住院的医疗保险受益人的疾病严重程度的衡量标准有所提高。这种变化是否与支付改革有关,是否集中在支付改革针对的主要诊断的住院治疗中,以及是否反映了疾病严重程度的真实增加,目前尚不清楚。
评估 2011 年 1 月二级诊断代码的扩展以及美国健康信息技术经济和临床健康法案下的健康信息技术激励措施是否与疾病严重程度的衡量变化相关,以及这些变化是否反映了潜在患者严重程度的真实增加。
设计、设置和参与者:本研究为医疗保险按服务收费受益人的出院患者队列研究(N=47951443),时间为 2008 年 1 月 1 日至 2015 年 8 月 31 日,使用回归不连续性设计来评估二级诊断扩展后疾病严重程度的衡量变化。使用具有医院固定效应的出院水平线性回归模型评估医院获得健康信息技术激励后的疾病严重程度的衡量变化。评估这两项政策实施后 30 天再入院预测准确性的变化。数据分析于 2018 年 11 月 1 日至 2019 年 3 月 5 日进行。
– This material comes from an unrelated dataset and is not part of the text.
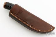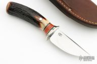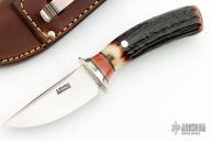 This Pocket Knife by Jim Behring features a satin finished upswept convex ground blade with .147" blade stock and .929" blade depth, hidden tang construction. The handle features a nickel silver guard and mammoth ivory butt plate, black/yellow/red spacer pattern, and premium vintage pinned Sambar stag grip. Great look and feel. Comes with full stitch brown leather sheath with pocket clip. Excellent condition. Comes with a zippered case.

主要结果是患者的疾病严重程度,由二级出院诊断代码的类别数量决定。评估了常见的医疗保险政策和未针对的诊断目标的诊断的疾病严重程度。
共纳入 2850 家医院的 47951443 次出院。2008 年,这些患者包括 3882672 名女性(58.5%),平均(SD)年龄为 78.5(8.4)岁。2014 年,出院患者包括 3377137 名女性(57.8%),平均(SD)年龄为 78.4(8.7)岁。医疗保险和医疗补助服务中心二级诊断的扩展与所有诊断的条件类别变化 0.348(95%置信区间,0.328-0.367;P<0.001)、目标诊断的 0.445(95%置信区间,0.419-0.470;P<0.001)和非目标诊断的 0.321(95%置信区间,0.302-0.341;P<0.001)相关。健康信息技术激励措施与所有诊断的条件类别变化 0.013(95%置信区间,0.004-0.022;P=0.005)、目标诊断的 0.195(95%置信区间,0.184-0.207;P<0.001)和非目标诊断的-0.016(95%置信区间,-0.025 至-0.007;P<0.001)相关。观察到预测准确性的微小改善。
医疗保险政策的变化似乎与衡量的疾病严重程度的增加有关;这些增加似乎并没有反映患者严重程度的实质性变化。